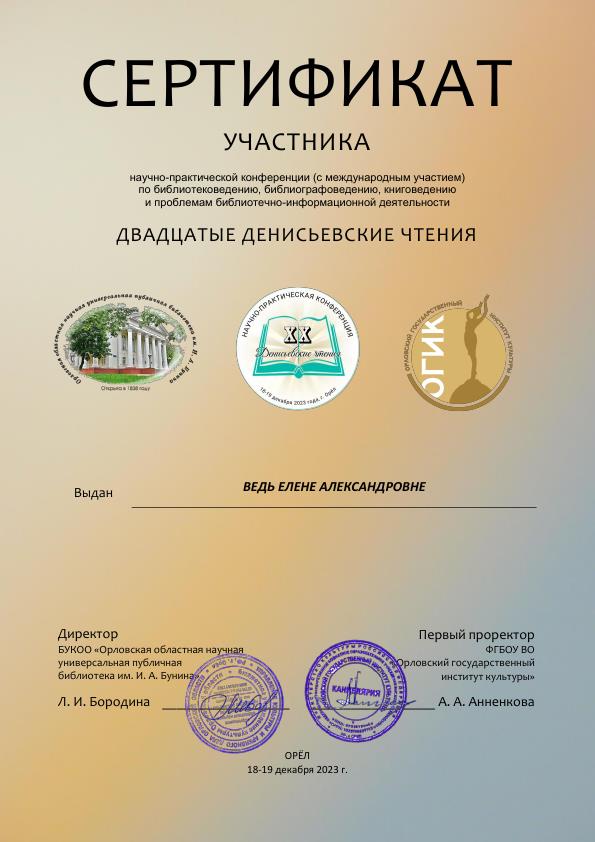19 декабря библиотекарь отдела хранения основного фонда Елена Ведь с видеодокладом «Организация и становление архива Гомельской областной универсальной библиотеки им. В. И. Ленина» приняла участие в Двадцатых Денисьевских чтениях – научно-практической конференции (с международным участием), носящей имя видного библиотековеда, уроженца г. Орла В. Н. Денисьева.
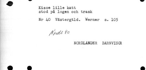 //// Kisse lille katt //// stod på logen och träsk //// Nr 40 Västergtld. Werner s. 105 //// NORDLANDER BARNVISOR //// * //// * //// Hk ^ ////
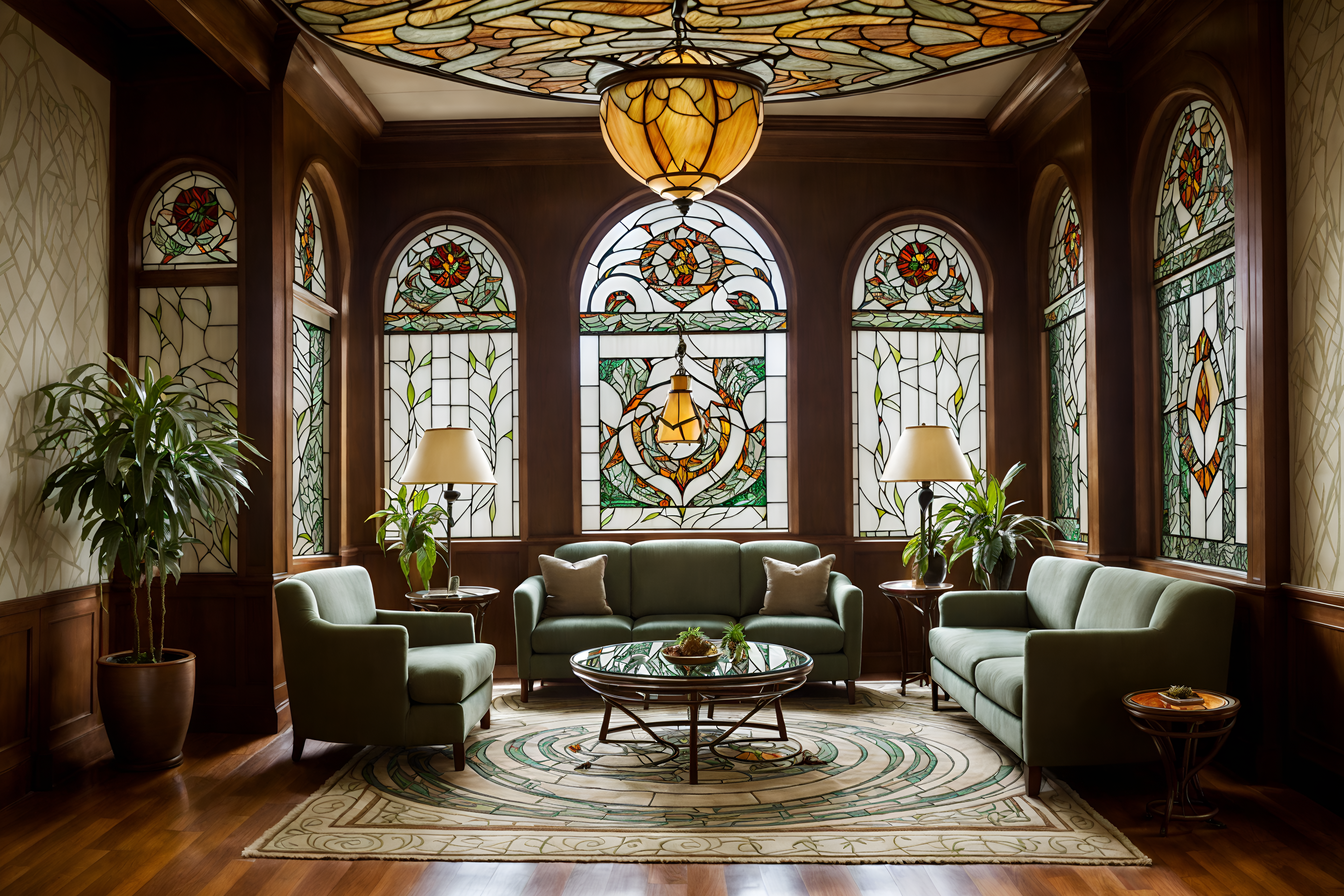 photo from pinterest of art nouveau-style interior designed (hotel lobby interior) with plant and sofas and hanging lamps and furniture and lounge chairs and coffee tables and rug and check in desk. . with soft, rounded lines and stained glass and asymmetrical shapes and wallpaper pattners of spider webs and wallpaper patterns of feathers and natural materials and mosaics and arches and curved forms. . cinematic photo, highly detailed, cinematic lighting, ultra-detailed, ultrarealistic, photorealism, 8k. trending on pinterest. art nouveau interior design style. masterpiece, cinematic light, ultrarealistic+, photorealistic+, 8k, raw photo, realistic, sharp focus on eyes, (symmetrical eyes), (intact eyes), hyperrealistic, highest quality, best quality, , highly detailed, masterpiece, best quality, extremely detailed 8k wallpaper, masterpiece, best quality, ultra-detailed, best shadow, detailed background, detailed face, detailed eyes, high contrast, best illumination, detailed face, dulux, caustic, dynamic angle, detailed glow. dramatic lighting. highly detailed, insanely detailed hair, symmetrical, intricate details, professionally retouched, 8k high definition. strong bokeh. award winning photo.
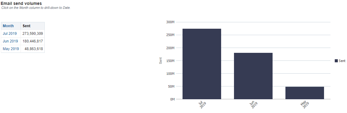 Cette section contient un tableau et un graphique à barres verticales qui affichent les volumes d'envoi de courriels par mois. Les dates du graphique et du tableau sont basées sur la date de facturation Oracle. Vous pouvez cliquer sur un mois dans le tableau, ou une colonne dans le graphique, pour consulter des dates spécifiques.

+--

▸ **PROBLEM**
Skip every picture and return the lines above from the top through the one that contains "photo from pinterest".

▸ **PROBLEM SOLUTION**
19 декабря библиотекарь отдела хранения основного фонда Елена Ведь с видеодокладом «Организация и становление архива Гомельской областной универсальной библиотеки им. В. И. Ленина» приняла участие в Двадцатых Денисьевских чтениях – научно-практической конференции (с международным участием), носящей имя видного библиотековеда, уроженца г. Орла В. Н. Денисьева.
 //// Kisse lille katt //// stod på logen och träsk //// Nr 40 Västergtld. Werner s. 105 //// NORDLANDER BARNVISOR //// * //// * //// Hk ^ ////
 photo from pinterest of art nouveau-style interior designed (hotel lobby interior) with plant and sofas and hanging lamps and furniture and lounge chairs and coffee tables and rug and check in desk. . with soft, rounded lines and stained glass and asymmetrical shapes and wallpaper pattners of spider webs and wallpaper patterns of feathers and natural materials and mosaics and arches and curved forms. . cinematic photo, highly detailed, cinematic lighting, ultra-detailed, ultrarealistic, photorealism, 8k. trending on pinterest. art nouveau interior design style. masterpiece, cinematic light, ultrarealistic+, photorealistic+, 8k, raw photo, realistic, sharp focus on eyes, (symmetrical eyes), (intact eyes), hyperrealistic, highest quality, best quality, , highly detailed, masterpiece, best quality, extremely detailed 8k wallpaper, masterpiece, best quality, ultra-detailed, best shadow, detailed background, detailed face, detailed eyes, high contrast, best illumination, detailed face, dulux, caustic, dynamic angle, detailed glow. dramatic lighting. highly detailed, insanely detailed hair, symmetrical, intricate details, professionally retouched, 8k high definition. strong bokeh. award winning photo.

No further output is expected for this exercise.